The Yomiuri cleanup hitter, whose first two hits only led to his being stranded in scoring position, singled home the tie-breaking run in the eighth inning as the Giants defeated the Chunichi Dragons 5-4 at Tokyo Dome on Saturday evening.

With two outs and a runner on third, Ramirez got the first-pitch, inside fastball he expected and smacked it into left field.

"They're throwing pitches I'm looking for and I'm not missing those pitches," said Ramirez, who went 3-for-5 with a double but afterward admitted he wasn't always hitting those pitches.

Knowing how catcher Motonobu Tanishige likes to work to him, Ramirez had gotten what he wanted in the first inning.

"Same thing, but I missed it. I thought I was going to hit a home run," Ramirez said of his grounder to second that was turned for a double play.

Facing lefty Chen Wei-yin (2-2) with two outs in the eighth and a runner on third, Ramirez went up with the same plan, expecting his pitch and expecting to hit it. And this time it worked.

"A lot of times Tanishige tried to call a first pitch for a strike and I was ready for that," Ramirez said.

The Giants scored four runs off tough right-hander Kazuki Yoshimi but were made to battle as the Dragons came back on homers by Tyrone Woods and Thomas De La Rosa.

De La Rosa's pinch-hit solo shot tied it in the eighth off lefty Tetsuya Yamaguchi (3-1). Marc Kroon allowed two singles in the ninth but recorded his 10th save.

In the bottom of the eighth, left-handed-hitting leadoff man Yoshiyuki Kamei battled Chen, fouling off a pair of 1-2 deliveries before drawing a walk on eight pitches from the 21-year-old.

"I'm sure he wasn't looking to walk in that situation, but he had a great at-bat nevertheless," said Giants manager Tatsunori Hara.

Hayato Sakamoto, who homered in the first inning, sacrificed. Kamei went to third on a groundout before trotting home on Ramirez's single.

In the fourth, Kamei saved a run with a good catch in right field and then tripled home two runs in the bottom of the inning to make it 4-0.

The Giants became the first team this season to score on Yoshimi before the fourth inning, when Sakamoto launched an 0-1 fastball into the seats for a first-inning solo home run. It was the 19-year-old's third homer and his first since he went deep in two straight games on April 6 and 8.

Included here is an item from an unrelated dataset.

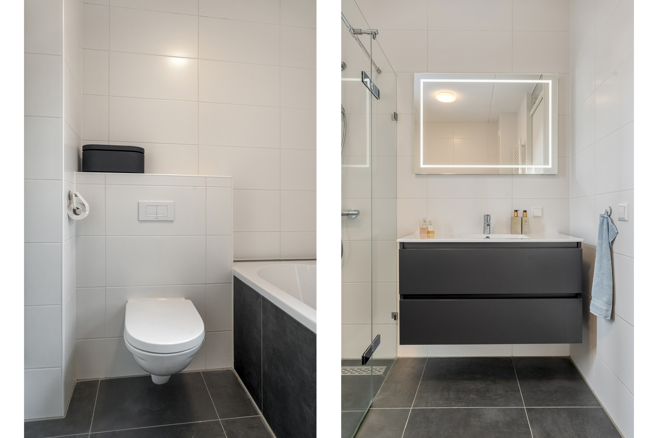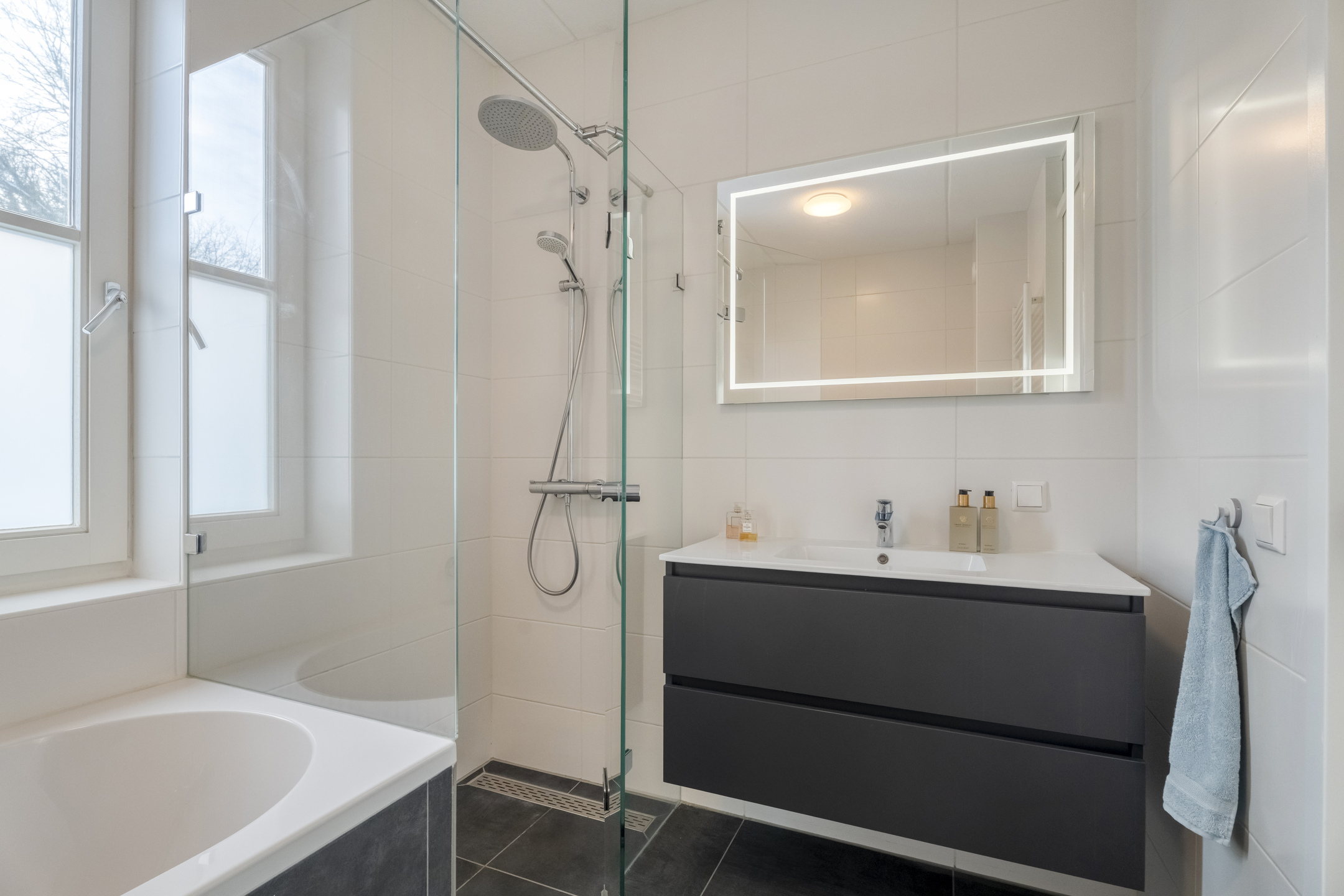 Op de eerste verdieping zijn drie ruime slaapkamers te vinden, elk keurig afgewerkt en voorzien van grote ramen voor veel daglicht. De ramen in de slaapkamers zijn voorzien van op maat gemaakte horren en rolluiken. De badkamer is modern en stijlvol: met een breed wastafelmeubel, inloopdouche, groot ligbad en tweede toilet. Alles in neutrale kleuren, strak tegelwerk en eigentijdse afwerking.

Ramirez offered Sakamoto some useful advice on his batting before the game.

"I told him his timing was a little off, his timing was too fast," Ramirez said. "I said maybe he should take a pitch and take it from there and that's the way it worked out."

The Giants made it 2-0 in the second, when Luis Gonzalez walked with one out, and scored from second when Ryota Wakiya pounded a hanging forkball for a double.

Yoshimi had entered the game with four wins and one no-decision in five impressive starts, but the Giants made him pay for his mistakes. Giants right-hander Takahiko Nomaguchi, meanwhile, didn't allow a runner until Hirokazu Ibata beat out a one-out grounder in the fourth.

Once forced to work out of a stretch, however, Nomaguchi couldn't keep his sliders and forkballs down and they became a ticking time bomb.

Kazuhiro Wada led off the fifth with a broken-bat single, and Nomaguchi allowed two more singles on high pitches before Tanishige's sacrifice fly made it 4-1. A one-out, sixth-inning walk to Ibata culminated in a high forkball to Woods. The slumping cleanup hitter, who had lined a high slider that Kamei caught in the fourth, hit this one where it couldn't be caught.

Woods' sixth homer of the season was also his first with at least a man on.

Nomaguchi, who allowed three runs in six innings, struck out five and walked one. He singled in the fourth inning and scored on Kamei's triple.